Fot. Muzeum Wsi Opolskiej w Opolu

Techniki i surowce

Pierwsze próby zdobienia przeprowadziła w 1963 r. Stefania Okos. Jako materiału użyła niskogatunkowego porcelitu z Tułowic, pochodzącego z fabrycznych odpadów. Twórczyni otrzymała do zdobienia komplet Mokka (6 filiżanek ze spodkami), natryskiwany na mokro przez producenta. Praca miała charakter chałupniczy. W domu rodzinnym w Opolu Grudzicach artystka ułożyła naczynia w pobliżu pieca, po to, by lekko podsuszyć farbę. Potem za pomocą zaostrzonego patyka wydrapała miejscowo farbę, w wyniku czego powstał ozdobny szlaczek wokół brzegu filiżanek i spodków. Całość została wypalona w piecu ceramicznym. Już niebawem do drapania zaczęto używać specjalnie zaostrzonych końcówek – drewnianych obsadek do stalówek. Proces natryskiwania farb z czasem przeniesiono do pracowni Cepelii, gdzie zajmowała się nim Małgorzata Walecko. Kolejnym etapem w zdobieniu porcelitu było nanoszenie na wydrapane miejsca – za pomocą stalówki osadzonej w obsadce – farb w kilku kolorach, przeważnie podstawowych, co sprawiało, że cała kompozycja stawała się niezwykle barwna. Powierzchnię porcelitu natryskiwano farbami w ciemnej tonacji: granatowej, czarnej, ciemnobrązowej, bordowej, ciemnozielonej a w późniejszym okresie i fioletowej. W ten sposób wytwarzano głównie talerze, filiżanki, zestawy kawowe. Większość asortymentu była przygotowywana w warunkach domowych. Największe problemy pojawiały się w trakcie transportu wydrapanych wyrobów do Cepelii.

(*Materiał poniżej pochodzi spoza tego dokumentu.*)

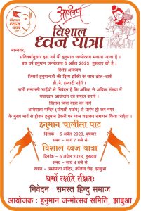 प्रति वर्ष अनुसार इस वर्ष भी श्री हनुमान जन्मोत्सव समिति झाबुआ द्वारा विशाल ध्वज यात्रा हनुमान जन्मोत्सव के उपलक्ष्य में निकाली जा रही है, कल यानि 6 अप्रैल को श्री अंबे माता मंदिर कॉलेज रोड से शाम 4:00 बजे प्रारंभ होने वाली विशाल ध्वज यात्रा नगर के प्रमुख मार्गो से होते हुए श्री संकट मोचन हनुमान मंदिर हनुमान टेकरी पर पहुँचेगी, ध्वज यात्रा में ढोल – ताशे, आकर्षक झांकी ,एवं डीजे की धुन पर थिरकते युवा आकर्षण का केंद्र रहेंगे, श्री हनुमान जन्मोत्सव समिति झाबुआ द्वारा पूरे शहर वासियों से विशाल ध्वज यात्रा में ज्यादा से ज्यादा संख्या में पधार कर आयोजन को सफल बनाने की अपील की है।

Niejednokrotnie zdarzało się, że podsuszone farby na skutek otarć lub wstrząsów wykruszały się, co doprowadzało do trwałego uszkodzenia. Straty wynikające z tego powodu były dosyć znaczne, bo farby służące do natryskiwania i malowania pozyskiwano początkowo poza granicami kraju. Sposób nałożenia farby był niezwykle ważny, ponieważ zbyt cienka warstwa nałożonej farby powodowała podczas wypału zmianę koloru, natomiast nałożona zbyt grubo odpryskiwała nawet po kilku latach. Gotowe wyroby po przeprowadzeniu kontroli jakości, trafiały do pieców ceramicznych, gdzie wypalano je w temperaturze 750 ºC. Cykl wypału trwał około 24 godzin. W drugiej połowie lat sześćdziesiątych XX w. rozpoczęto próby na porcelanie. Materiał bazowy, czyli gotowe szkliwione naczynia, kupowano w zakładach w Wałbrzychu i Jaworzynie Śląskiej. Początkowo przy zdobieniu posługiwano się nadal techniką rytowniczą. Jednak w tym przypadku powstawało dużo odpadów (ok. 30 %), gdyż porcelana znacznie gorzej przyjmowała natryskiwane farby, a te podczas drapania łatwiej się wykruszały.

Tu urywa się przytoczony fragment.